Shamefully, the Italian malaria expert Alberto Missiroli had a role to play in the disaster: he did not distribute quinine, despite being well aware of the epidemic to come. Snowden claims that Missiroli was already preparing a new strategy – with the support of the US Rockefeller Foundation – using a new pesticide, DDT. Missiroli allowed the epidemic to spread, in order to create the ideal conditions for a massive, and lucrative, human experiment. Fifty-five thousand cases of malaria were recorded in the province of Littoria alone in 1944. It is estimated that more than a bird of those in the affected area contracted the disease.

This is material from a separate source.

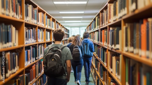 freshman, student, college, library, exploring, browsing, bookshelf, studying, cognition, education, academic, research, book, reading, young, adult, university, learning, higher, teamwork, collaboration, group, study, success, diversity, resource, campus, discovery, student, life

Thousands, nobody knows how many, died.
With the war over, the US government and the Rockefeller Foundation were free to experiment. DDT was sprayed from the air and 3m Italians had their bodies covered with the chemical. The effects were dramatic, and nobody really cared about the toxic effects of the chemical. By 1962, malaria was more or less gone from the whole peninsula. The last cases were noted in a poor region of Sicily. One of the final victims to die of the disease in Italy was the popular cyclist, Fausto Coppi. He had contracted malaria in Africa in 1960, and the failure of doctors in the north of Italy to spot the disease was a sign of the times. A few decades earlier, they would have immediately noticed the tell-tale signs; it was later claimed that a small dose of quinine would have saved his life.
As there are still more than 1m deaths every year from malaria worldwide, Snowden’s book also has contemporary relevance. This is a disease that affects every level of the societies where it is rampant. As Snowden writes: “In Italy, malaria undermined agricultural productivity, decimated the army, destroyed communities and left families impoverished.” The economic miracle of the 50s and 60s which made Italy into a modern industrial nation would not have been possible without the eradication of malaria. Moreover, this book convincingly argues that the disease was “an integral part of the big picture of modern Italian history”. This magnificent study, beautifully written and impeccably documented, deserves an audience beyond specialists in history, or in Italy. It also provides us with “a message of hope for a world struggling with the great present-day medical emergency”.